Indeed, whilst climate is a good predictor for the weight of resettled sparrows (weight in continental climates is higher than in semi-coastal or coastal ones), height and wing chord records couldn’t be properly tested on using the friedman.test() function since they have remained unalterd. Thetrefore, we reject the null hypothesis for weight records of Passer domesticus and accept the null hypothesis for height and wing chord records.

Predation

Does nesting height depend on predator characteristics?

According to the results of our last practical, we would assume Passer doemsticus to adhere to local conditions when chosing a nesting site and corresponding nesting height depending on predator presence:

AutomatedFried(Variables = "Nesting.Height", Plotting = TRUE)

##        Variables Grouped_by Chi_Squared DF     p_value
## 1 Nesting.Height Resettling      10.864  2 0.004374338

Just like we expected, nesting height of resettled sparrows depends hugely on predator presence at the sties they have been moved to (p = $7.3991389\times 10^{-19}$) and we reject the null hypothesis.

Competition

Does home range depend on climate?

As we’ve seen in our last seminar, a statistically signficant change in home ranges did not occur when resettling Siberian sparrows directly to the UK. How about when we resettle them via Manitoba?

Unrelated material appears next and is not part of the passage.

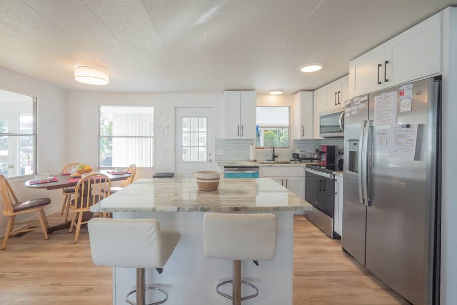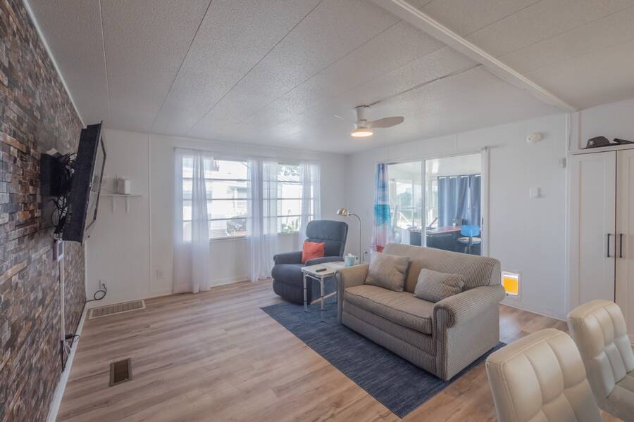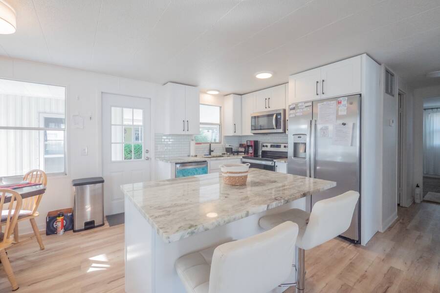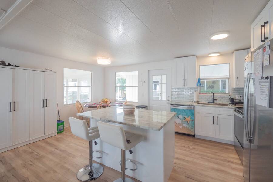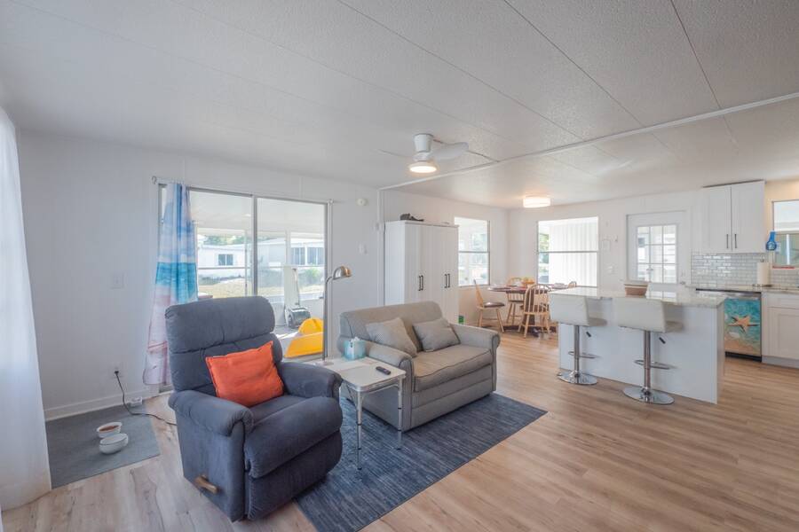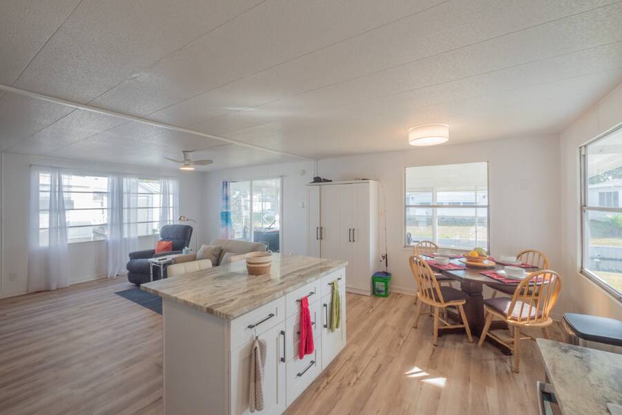 Welcome to this beautifully updated canal-front home in the desirable Mid Florida Lakes community of Leesburg. This 2-bedroom, 2-bath residence features many upgrades including luxury vinyl plank flooring throughout, shaker cabinets and granite in kitchen with stainless steel appliances, new light fixtures, updated bathrooms with new fixtures and sinks, newer AC, and more!. Enjoy peaceful water views and direct canal access to Haines Creek and the Harris Chain of Lakes. The home is being offered fully furnished, including washer and dryer, with an optional SeaCycle for effortless enjoyment of the waterways. Located in an active 55+ community with a clubhouse, pool, and social amenities, this home is perfect for year-round or seasonal Florida living.
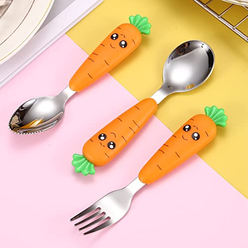 3 Pezzi Posate Bambini in Acciaio Inox, Forchetta Bambini, Posate Svezzamento, Set Posate Bambino-1 Forchetta Bambini e 1 Cucchiai Bambini e 1 raschietto per Bambino, Casa Scuola Uso

Data_df_SIMA$Home.Range <- as.numeric(Data_df_SIMA$Home.Range)
Data_df_SIUK$Home.Range <- as.numeric(Data_df_SIUK$Home.Range)

AutomatedFried(Variables = "Home.Range", Plotting = TRUE)

## Warning in xy.coords(x, y, xlabel, ylabel, log): NAs introduced by coercion

##    Variables Grouped_by Chi_Squared DF      p_value
## 1 Home.Range Resettling         132  2 2.170522e-29

With our three-step resettling program we do record a statistically significant change in home ranges of our sparrow flocks and reject the null hypothesis (p = $2.170522\times 10^{-29}$).